Depois, um empate no nordeste brasileiro, com o ABC. A derrota para a equipe potiguar parecia inevitável, foi quando, aos 46 minutos, do segundo tempo, brilhou a estrela do artilheiro tricolor que assinalou o gol de empate. Depois, no ABC Paulista, contra o São Caetano, o gol do empate em 1 a 1 foi anotado por Matheus Ferraz, aos 47 do segundo tempo. Esta partida, inclusive, interferiu no acesso do time de São Paulo. Se tivesse conseguido derrotar o Criciúma, o São Caetano teria conquistando o acesso, terminando a competição na segunda posição.
A principal virada, para muitos – incluindo o técnico Paulo Comelli, aconteceu no Heriberto Hülse, contra o América de Natal. O Criciúma saiu na frente, logo no início da partida, com gol do meia Giovanni Augusto. Este foi o único gol da etapa inicial. Mas, no segundo tempo, aos 14, 28 e 32 minutos, Pingo marcou, colocando o América na frente. Novamente, a determinação tricolor foi superior. Aos 40, o atacante Gilmar descontou. Dois minutos mais tarde, Lucca empatou. Aos 45, Zé Carlos foi expulso. Mas, aos 47, Gilmar voltou a marcar e virou a partida para o delírio da torcida. Nesta lista de jogos inesquecíveis na Série B, ainda teve uma vitória por 2 a 1 sobre o Ceará em Criciúma. O empate em 1 a 1 persistiu até aos 49 minutos da etapa final, quando Zé Carlos fez o gol de mais uma vitória.
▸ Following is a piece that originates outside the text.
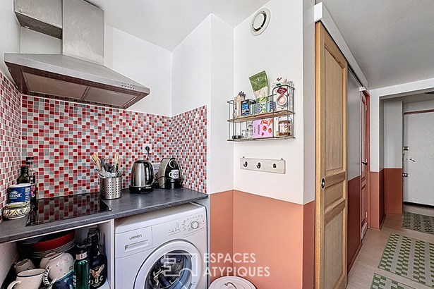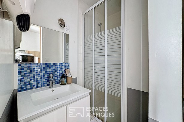 The living room opens onto a lounge area and a sleeping alcove with storage that optimizes every corner. Beyond the entrance, a bar and a fully equipped kitchen offer views over the rooftops. A shower room and separate WC complete the apartment. The whole enjoys exceptional tranquility, while being at the heart of the vibrant city life.

“A sorte acompanha a competência e tivemos esses momentos dentro do campeonato”, enfatizou Silvio Criciúma. “Tinha jogos que vínhamos de uma adversidade muito grande e que no final da partida a gente conseguia virar os jogos na vontade, na raça. Víamos que as coisas não estavam dando muito certo, a gente ia na vontade, na determinação e graças a Deus a gente conseguiu virar esses jogos que nos ajudou muito”, complementou Lucca.
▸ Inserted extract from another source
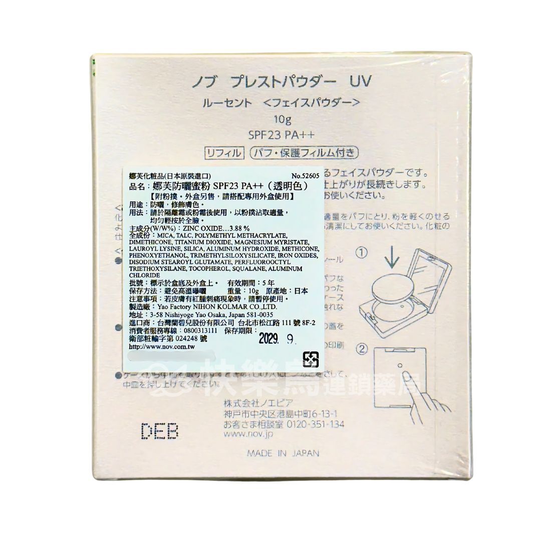 品牌:NOV 娜芙品名:防曬蜜粉種類:蜜粉適用部位:臉部用規格/容量:10g產地:請依商品包裝顯示

A campanha vitoriosa do Criciúma foi composta por 22 vitórias, sete empates e nove derrotas, com 78 gols marcados (melhor ataque da competição) e 57 sofridos, culminando com o vice-campeonato, atrás apenas do Goiás. Além de ter sido o único time que permaneceu todas as rodadas no G-4, o Criciúma foi o clube que permaneceu mais tempo na primeira posição, ficando à frente dos 19 adversários em 15 rodadas. Em relação a torcida, com média de 10.290, o Tigre foi o terceiro que mais atraiu torcedores aos estádios, atrás somente de Vitória (16.192) e Goiás (14.185).